How to Deal with Missing Values in Cluster Analysis
Most of the widely used cluster analysis algorithms can be highly misleading or can simply fail when most or all the observations have some missing values. There are five main approaches to dealing with missing values in cluster analysis: using algorithms specifically designed for missing values, imputation, treating the data as categorical, forming cluster based on complete cases and allocating partial data to clusters, and forming clusters using only the complete data.
The different approaches have been ordered in terms of how safe they are. The safest techniques are introduced first.
Cluster analysis techniques designed for missing data
With very few exceptions, most of the cluster analysis techniques designed explicitly to deal with missing data are called latent class analysis rather than cluster analysis. There are some technical differences between the two techniques, but ultimately, latent class analysis is just an improved version of cluster analysis, where one of the improvements is the way it deals with missing data.
Impute missing values
Imputation refers to tools for predicting the values that would have existed were the data not missing. Provided that you use a sensible approach to imputing missing values (and replacing missing values with the average of their other values is not a sensible approach), running cluster or latent class analysis on the imputed data set means that the missing data is treated in a better way than occurs by default when using cluster analysis (by default, most cluster analyses methods make an assumption that data is missing completely at random (MCAR), which is both a strong assumption and one that is rarely correct; using imputation implicitly involves making the more relaxed assumption that data is missing at random (MAR), which is better.

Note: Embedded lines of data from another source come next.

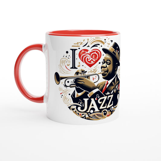 "I love Jazz" white 11oz Ceramic Mug with Color Inside
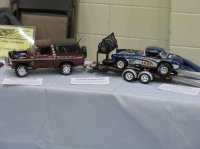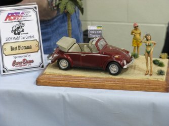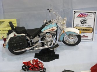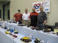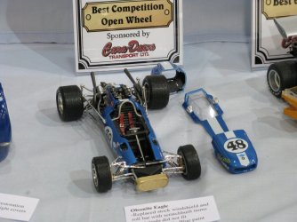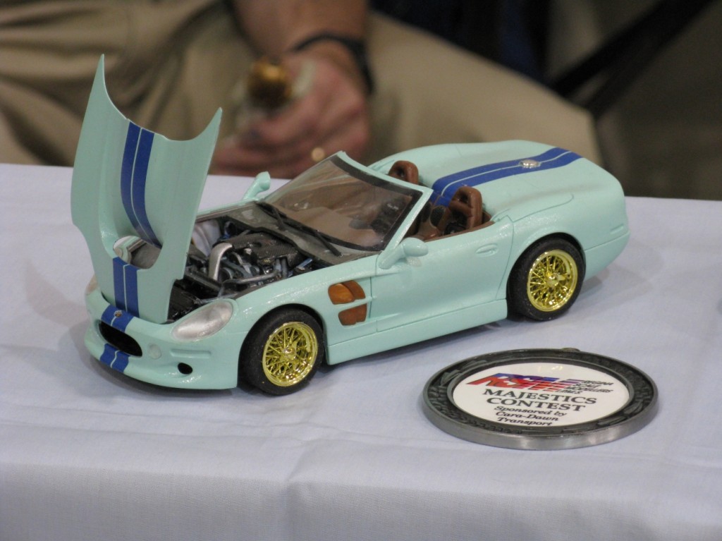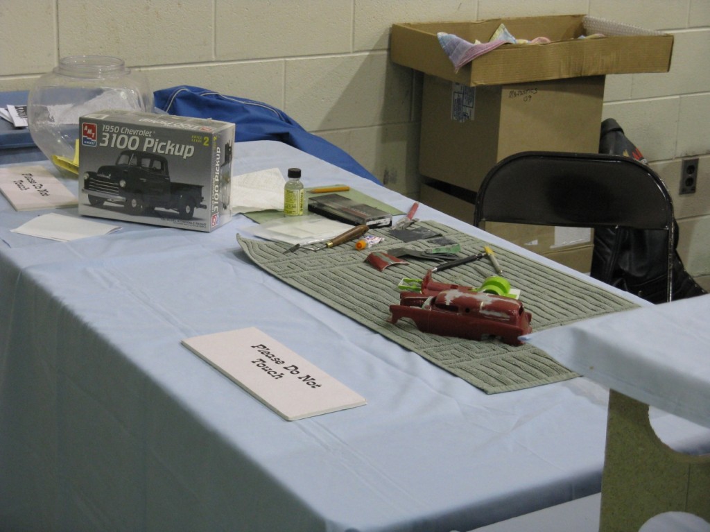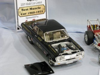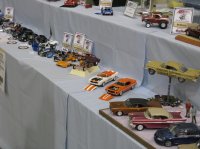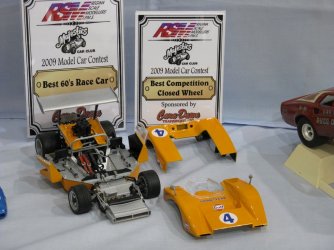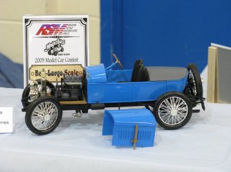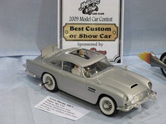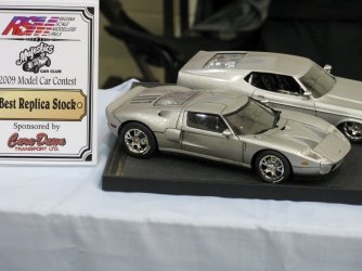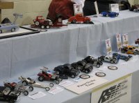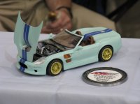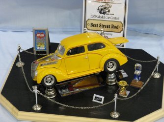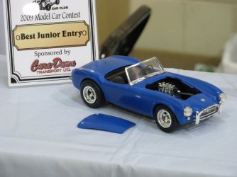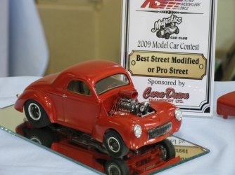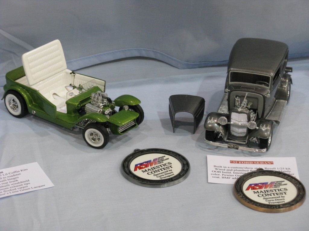 Category 1 Street Rods 1. Evan Hanson - Revell 1/25 scale 1937 Ford Street Rod 2. Dave Kapp - Monogram 1/25 scale Open Coffin Custom 3. Greg McKinnon - Revell 1/25 scale '32 Ford Sedan Category 2 Custom & Show cars 1. Dave Kapp - Aurora 1/25 scale Aston Martin DB-5 2. Dave Kapp - Monogram 1/24 scale Fast Buck 3. Dave Kapp - Polar Lights Wolfman's Wagon Category 3 Motorcycles 1. Dave Kapp - Revell 1/8 scale 2002 Harley Davidson 2. Curfew James - Heller 1/24 scale Ducati "Desmosedici" Category 4 Large Scale 1. Curfew James - Minicraft 1/16 scale 1919 Hispano-Suiza "Alfonso" 2. Allen Lindemann - MPC 1/16 scale '78 Corvette 3. Curfew James - Lindberg 1/8 scale Budget T Rat Rod Category 5 Muscle Cars 1. Curfew James - Revell 1/25 scale 1964 Fairlane Thunderbolt Category 6 Replica Stock: 1. Robert Gall - AMT 1/25 scale Shelby Cobra 289 (Junior entry) 1. Ron Gall - Polar Lights 1/24 scale Ford GT 2. Evan Hanson - AMT 1/24 scale 1957 Ford Fairlane Category 7 Competition Open Wheel 1. Dave Kapp - AMT 1/25 scale Olsonite Eagle 2. Curfew James - Monogram 1/24 scale Modified Racer with Trailer 3. Greg McKinnon - AMT 1/25 scale Fiat AA/FA Category 8 Competition Closed Wheel 1. Dave Kapp - Accurate Miniatures 1/25 scale McLaren M8B 2. Greg McKinnon - Revell 1/25 scale 1941 Willys "Big John MacManian" 3. Greg McKinnon - Revell 1/25 scale 1941 Willys Gasser "Skull" Category 9 Street Modified or Pro Street 1. Ron Gall - Revell 1/24 scale 1941 Willys 2. Ted McPherson - Revell 1/25 scale Shelby Series 1 3. Ron Gall - AMt/Polar Lights 1/24 scale '71 Ford Mustang GT Category 12 Trucks 1. Greg McKinnon - AMT 1/25 scale Ford Snow Plow 2. Ted McPherson - Revell 1/25 scale 1941 Chevrolet Pickup 3. Ted McPherson - Revell 1/25 scale 1937 Ford Panel Delivery
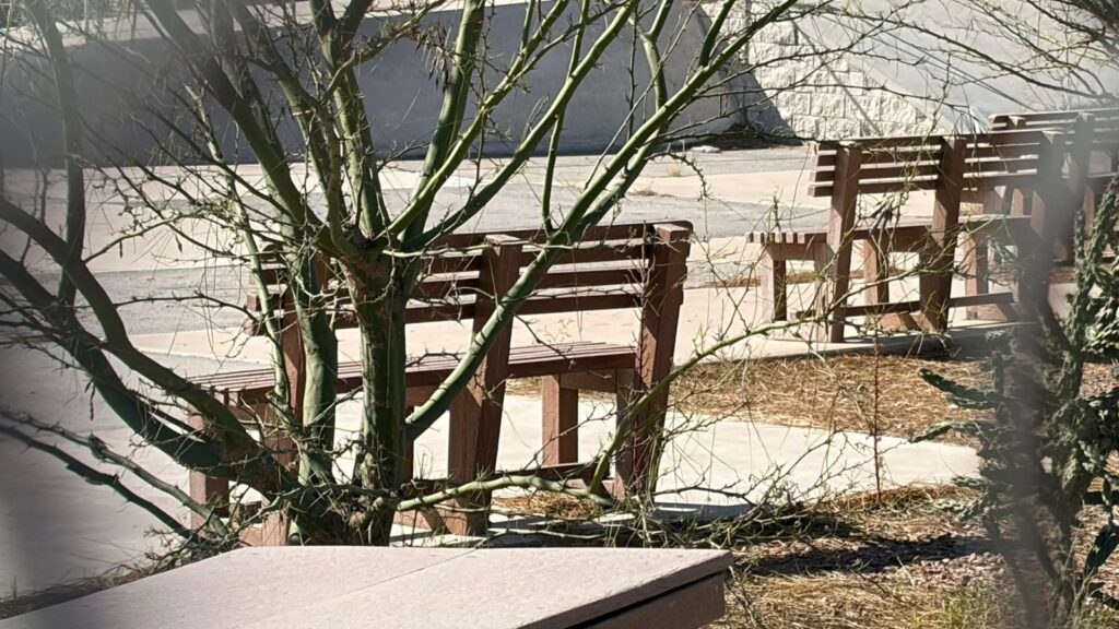 En el área también se colocó algún mobiliario urbano, como bancas y depósitos de basura con madera tipo campestre, pero todo está actualmente deteriorado.
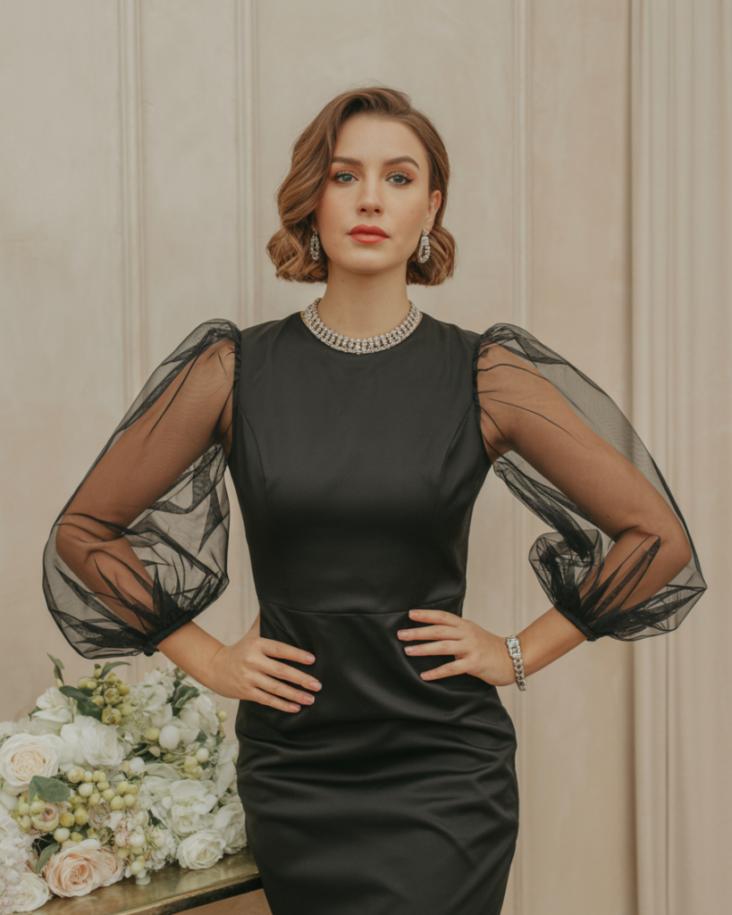Elegant Black Dress with Sheer Sleeves
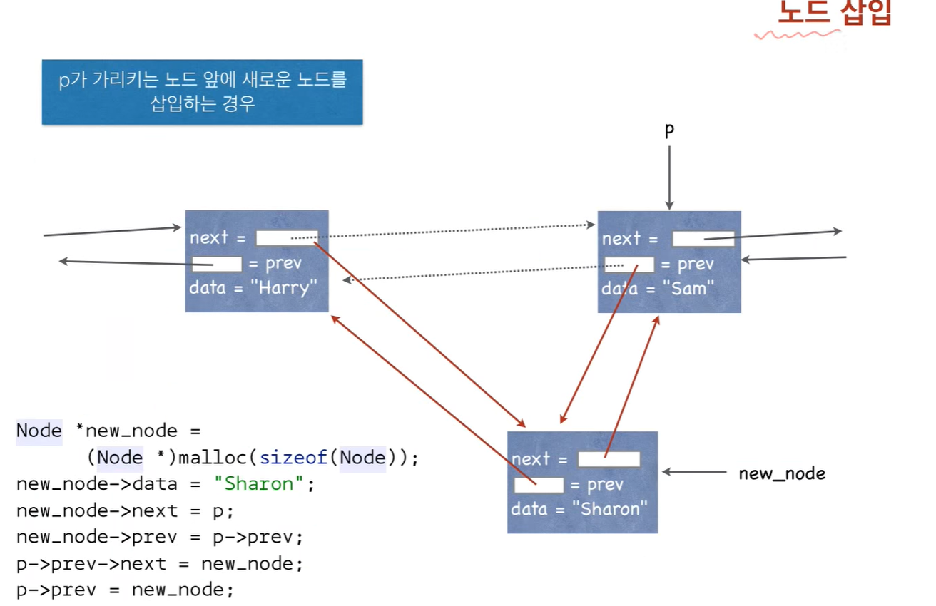 - 어떤 노드의 앞에 새로운 노드를 삽입하기 어려움
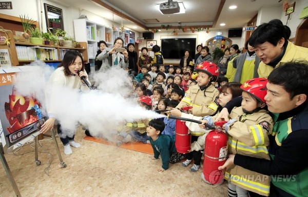 제406차 민방위의 날인 21일 오전 광주 북구 중흥3동 꼬마박사어린이집에서 광주 북구 동주민센터 직원들이 민방위 훈련을 함께 하고 있다.
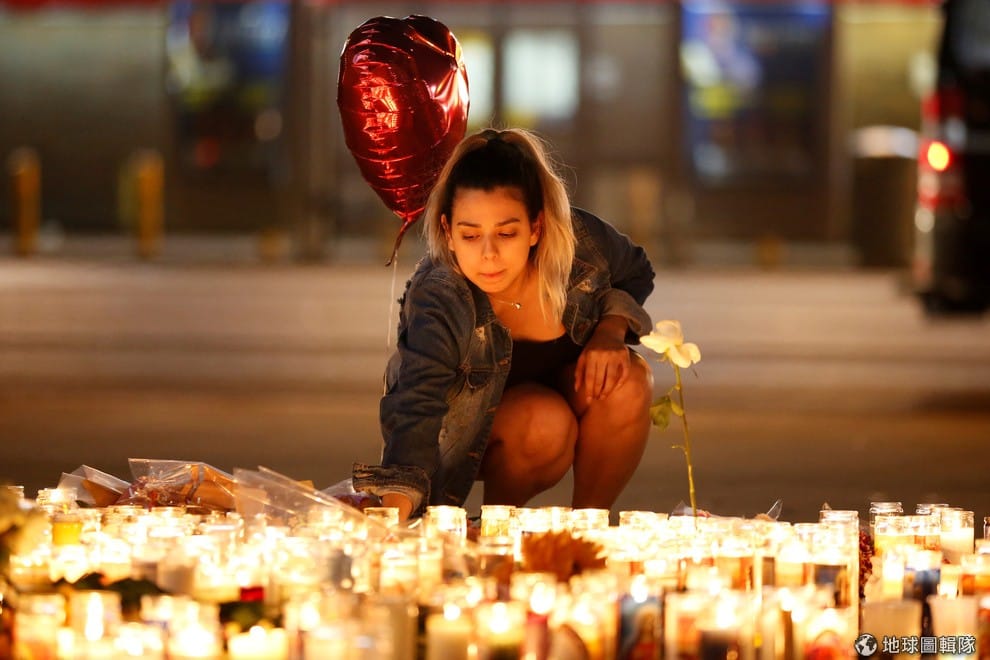 一名女子點燃擺在地上的蠟燭,悼念 1號在賭城演唱會槍案中喪命的罹難者。

Use techniques developed for categorical data
Cluster and latent class techniques have been developed for modeling categorical data. When the data contains missing values, if the variables are treated as categorical and the missing values are added to the data as another category, then these cluster analysis techniques developed for categorical data can be used.
At a theoretical level, the benefit of this approach is that it makes the fewest assumptions about missing data. However, the cost of this assumption is that often the resulting clusters are largely driven by differences in missing values patterns, which is rarely desirable.
Form clusters based on complete cases, and then allocate partial cases to segments
A popular approach to clustering with missing values is to cluster only observations with complete cases, and then assign the observations with incomplete data to the most similar segment based on the data available. For example, this approach is used in SPSS with the setting of Options > Missing Values > Exclude case pairwise.
A practical problem with this approach is that if the observations with missing values are different in important ways from those with no missing values, this is not going to be discovered. That is, this method assumes that all the key differences of interest are evident in the data where there are no missing values.
Form clusters based only on complete cases
The last approach is to ignore the data that has missing values, and perform the analysis only on observations with complete data. This does not work at all if you have missing values for all cases. Where the sample size with complete data is small, the technique is inherently unreliable. Where the sample size gets larger, the approach is still biased except where the people with missing data are identical to the observations with complete data, except for the “missingness” of the data. That is, this approach involves making the strong MCAR assumption.